From memory a P4 is slow with LEA although I have not found problems with using it myself. I asked you to try the second LEA version as I don't have a timing test bed set up to do it and I was trying to find out if your box does not handle seccessive LEA instructions without a stall.

Posted on 2003-04-23 11:03:14 by hutch--
That takes 28.5 clocks compared to 11.5 clocks of my code with the 11-op mult-92.
Posted on 2003-04-23 11:05:15 by Ekted
I think I've tried everything posted. What do you mean by the second LEA version?
Posted on 2003-04-23 11:09:03 by Ekted
if you care, here's my testbed.
time1 = intel C++ compiled simple code
time2 = some of ekted
time3 = some of roticv

Be careful, thread+proc priority is set to realtime, so your computer will seem to freeze while it's running. Takes a few seconds on my P4 2.53ghz.

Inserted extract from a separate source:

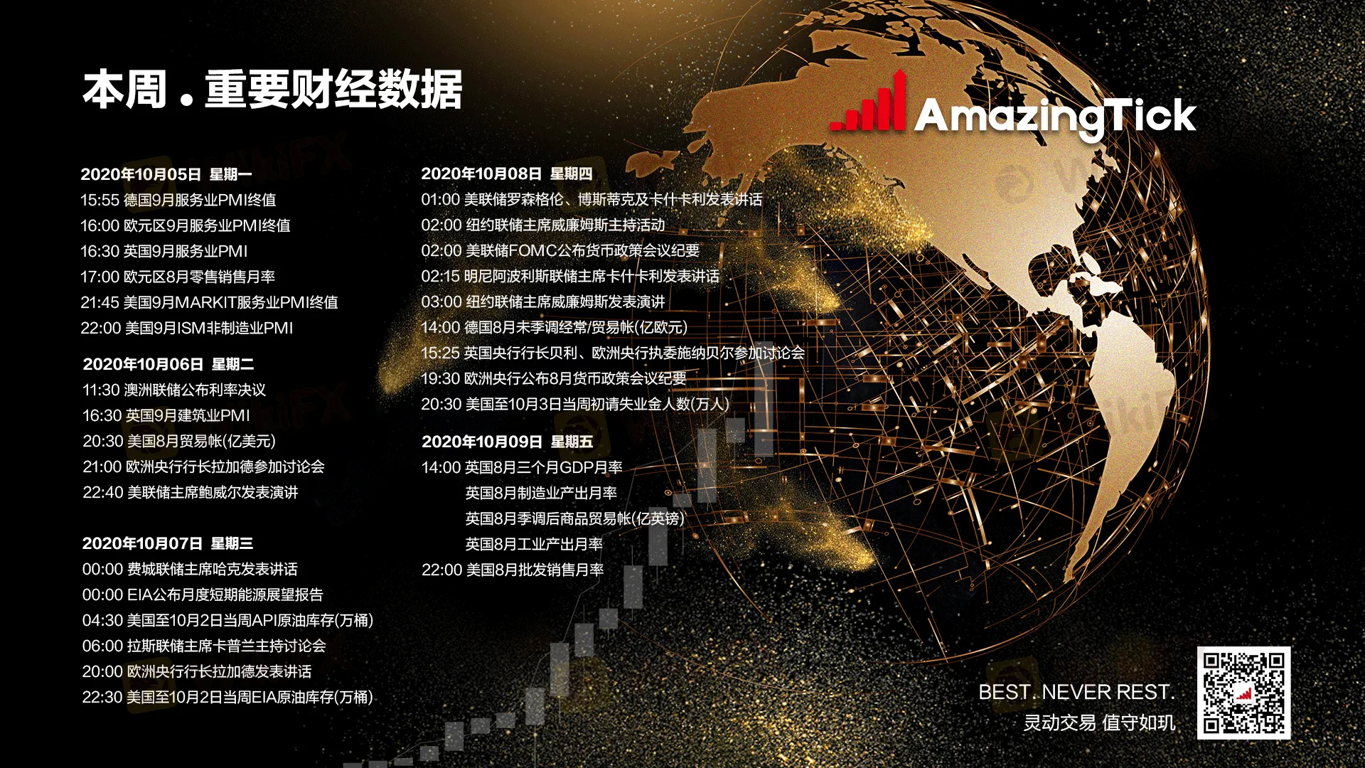 摘要:【AmazingTick财经日历】AmazingTick财经日历 | 2020年10月05日--2020年10月09日

Attachment removed, please download latest ""
Posted on 2003-04-23 11:09:29 by f0dder
hehehe... the part on a few seconds is underrated (Took me abt a minute). I tested it on my 600mhz win2ksp3 box.

time1 = 21500 ticks
time2 = 29937 ticks
time3 = 20734 ticks

Seems like shifts and lea are not slower than mul on my computer :grin:
Posted on 2003-04-23 11:14:36 by roticv
roticv, neither are doing straight MULs... I posted the code ICL generates already. Which CPU class? P3?
Posted on 2003-04-23 11:15:20 by f0dder
Scali's XP1800+ (1533 real mhz)
yodel1: 9253 ticks
yodel2: 12308 ticks
yodel3: 6839 ticks

My P4 2.53ghz
yodel1: 3500 ticks
yodel2: 5281 ticks
yodel3: 4407 ticks

I'll add hutches code shortly.
Posted on 2003-04-23 11:17:39 by f0dder
Yes. P3. Yours look like a monster compared with mine..
Posted on 2003-04-23 11:17:58 by roticv
I get:

time1 = 3735
time2 = 5360
time3 = 4562
Posted on 2003-04-23 11:18:19 by Ekted
hutches version:

;1000000 iterations of 2048 muls (2048000000 total) took 7516 ticks
push esi
push edi

mov esi, [esp+12]
mov edi, 2048 - 1

movzx eax, word [esi + (edi*2)]
; hutch code begin
lea ecx, [eax*8]
lea edx, [ecx*4]
lea ecx, [edx+edx*2]
lea edx, [eax*4]
sub ecx, edx
; hutch code end

mov [esi + (edi*2)], cx ; note CX for hutches version, not ax
dec edi
jnz .loop

pop edi
pop esi
ret 4

Attachment removed, please download latest ""
Posted on 2003-04-23 11:22:27 by f0dder
Intel compiler is clever. It does (n*3)^4-n. Is there an algorithmic way to get the best sequence of add/sub to obtain the shortest number of ops to get a particular multiplier?
Posted on 2003-04-23 11:23:00 by Ekted
Wow, hutch's method is so much faster :alright:

I get 17687 ticks.
Posted on 2003-04-23 11:25:18 by roticv
perhaps... AMD has an app that does it with some instructions. Intel obviously has some clever algorithm too. And it's easier to change the constant in the C++ source than manually working out lea/add/whatever :)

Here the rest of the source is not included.